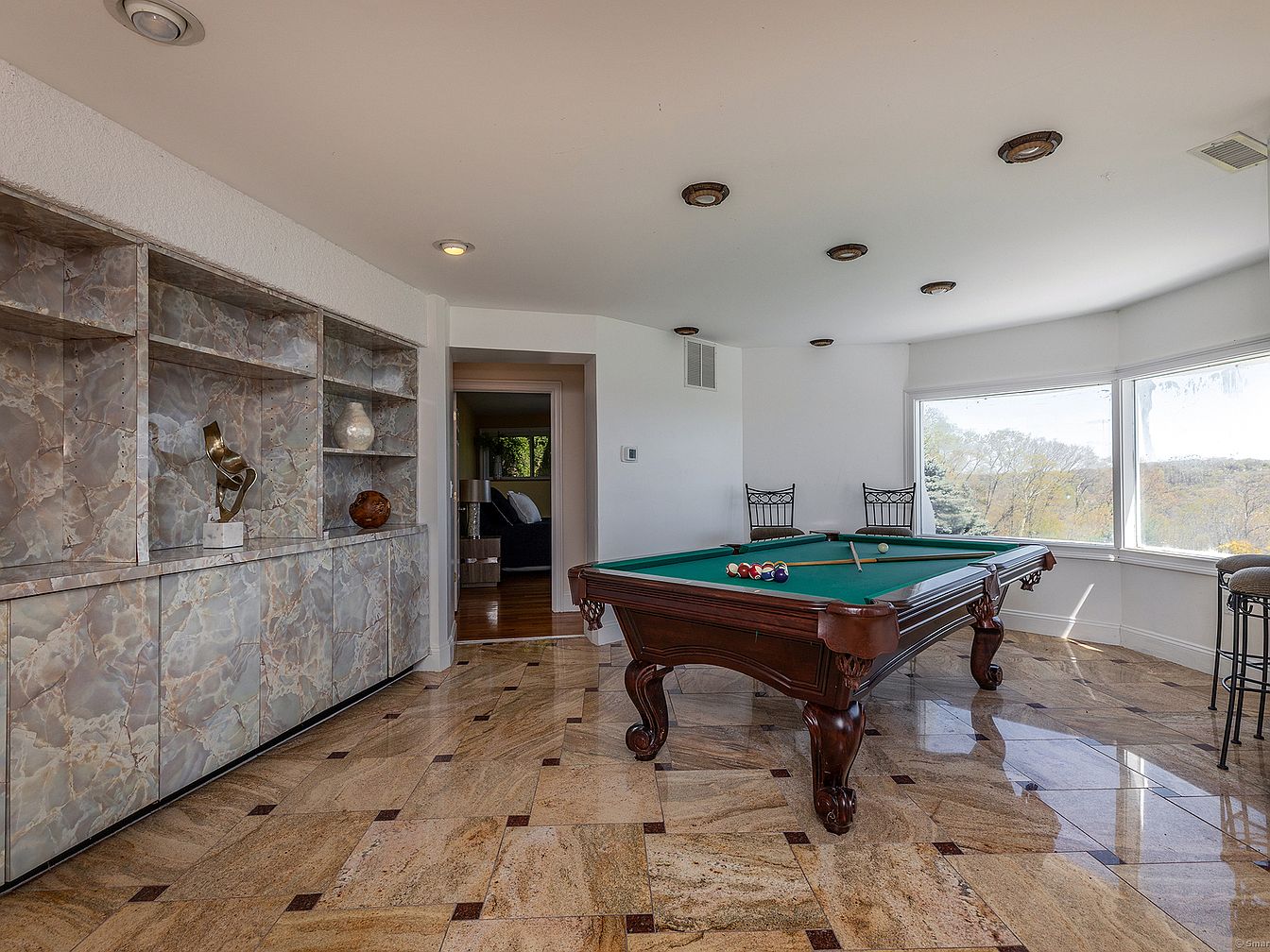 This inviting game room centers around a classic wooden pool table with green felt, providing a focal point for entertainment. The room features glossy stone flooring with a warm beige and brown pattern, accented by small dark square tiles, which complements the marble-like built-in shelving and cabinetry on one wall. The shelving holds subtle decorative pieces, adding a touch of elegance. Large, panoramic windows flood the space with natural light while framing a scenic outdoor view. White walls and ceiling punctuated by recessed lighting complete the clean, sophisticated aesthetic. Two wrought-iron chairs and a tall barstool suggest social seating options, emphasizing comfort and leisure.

══════════

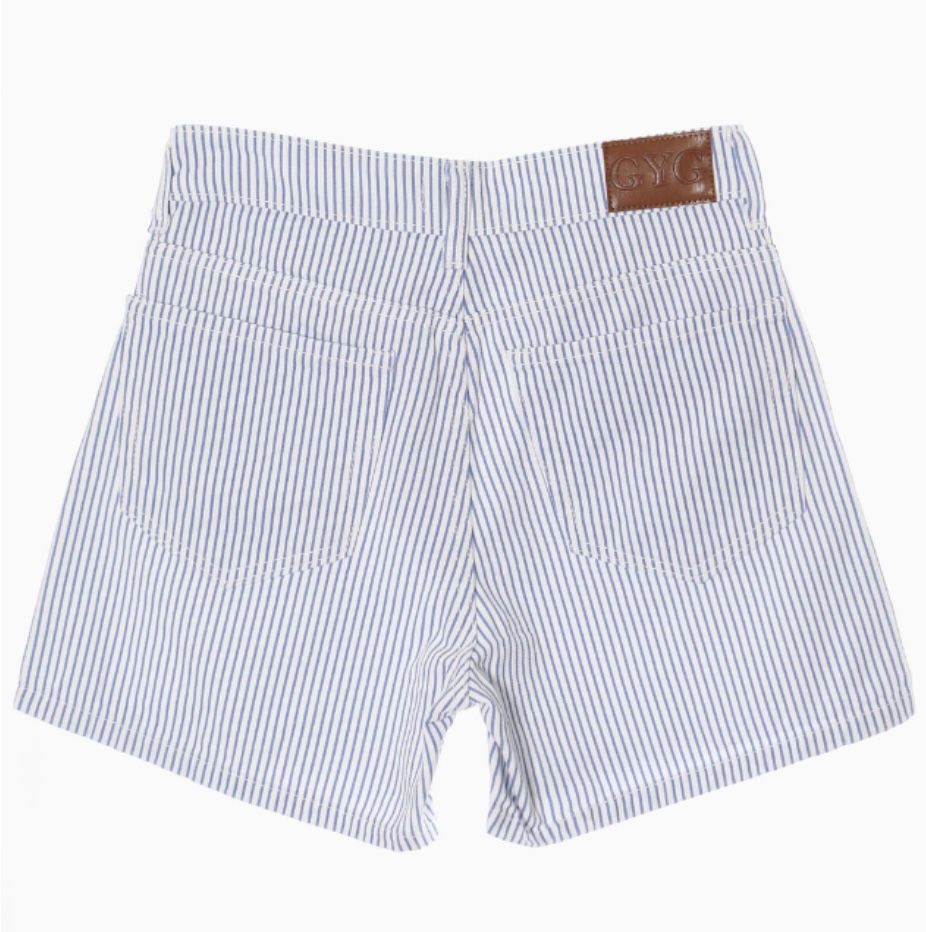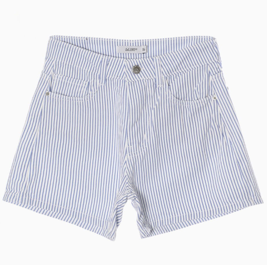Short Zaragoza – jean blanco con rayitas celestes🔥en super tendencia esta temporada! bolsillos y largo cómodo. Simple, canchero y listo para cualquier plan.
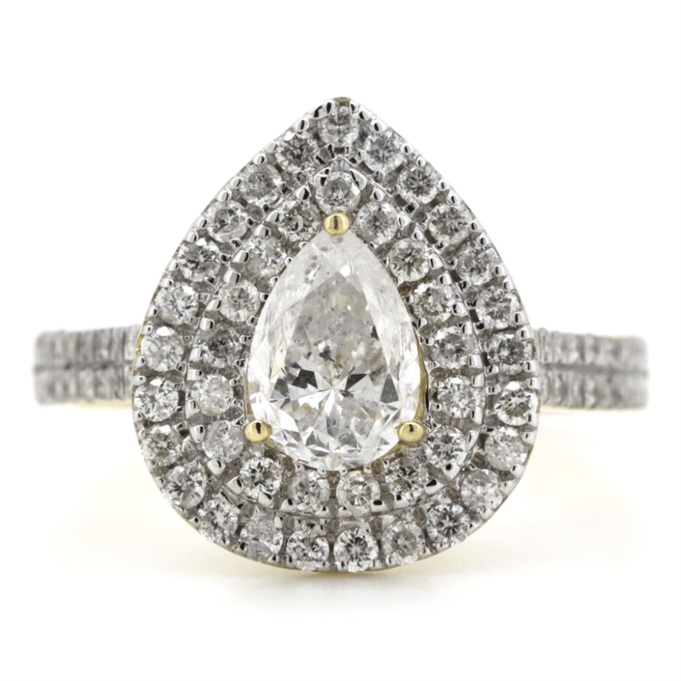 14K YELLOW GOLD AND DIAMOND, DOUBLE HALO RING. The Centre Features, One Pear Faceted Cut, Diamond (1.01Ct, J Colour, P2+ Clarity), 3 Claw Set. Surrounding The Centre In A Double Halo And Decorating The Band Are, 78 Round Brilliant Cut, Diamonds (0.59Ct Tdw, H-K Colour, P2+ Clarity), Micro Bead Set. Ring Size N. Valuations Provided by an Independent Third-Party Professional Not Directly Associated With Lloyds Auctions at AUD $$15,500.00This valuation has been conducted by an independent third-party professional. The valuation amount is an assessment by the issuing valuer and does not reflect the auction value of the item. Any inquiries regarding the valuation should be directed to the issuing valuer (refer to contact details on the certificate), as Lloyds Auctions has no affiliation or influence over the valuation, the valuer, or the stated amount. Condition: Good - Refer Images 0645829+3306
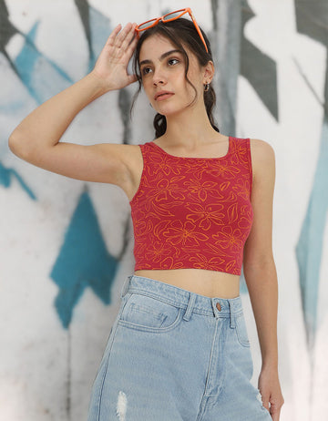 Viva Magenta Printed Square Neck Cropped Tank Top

══════════

> Problem to solve:
Using the data above, set down each line from the line with "14K YELLOW GOLD" to the line with "Viva Magenta Printed" exactly, both ends included, and leave the pictures behind. Nothing else belongs.

> Solved problem:
 14K YELLOW GOLD AND DIAMOND, DOUBLE HALO RING. The Centre Features, One Pear Faceted Cut, Diamond (1.01Ct, J Colour, P2+ Clarity), 3 Claw Set. Surrounding The Centre In A Double Halo And Decorating The Band Are, 78 Round Brilliant Cut, Diamonds (0.59Ct Tdw, H-K Colour, P2+ Clarity), Micro Bead Set. Ring Size N. Valuations Provided by an Independent Third-Party Professional Not Directly Associated With Lloyds Auctions at AUD $$15,500.00This valuation has been conducted by an independent third-party professional. The valuation amount is an assessment by the issuing valuer and does not reflect the auction value of the item. Any inquiries regarding the valuation should be directed to the issuing valuer (refer to contact details on the certificate), as Lloyds Auctions has no affiliation or influence over the valuation, the valuer, or the stated amount. Condition: Good - Refer Images 0645829+3306
 Viva Magenta Printed Square Neck Cropped Tank Top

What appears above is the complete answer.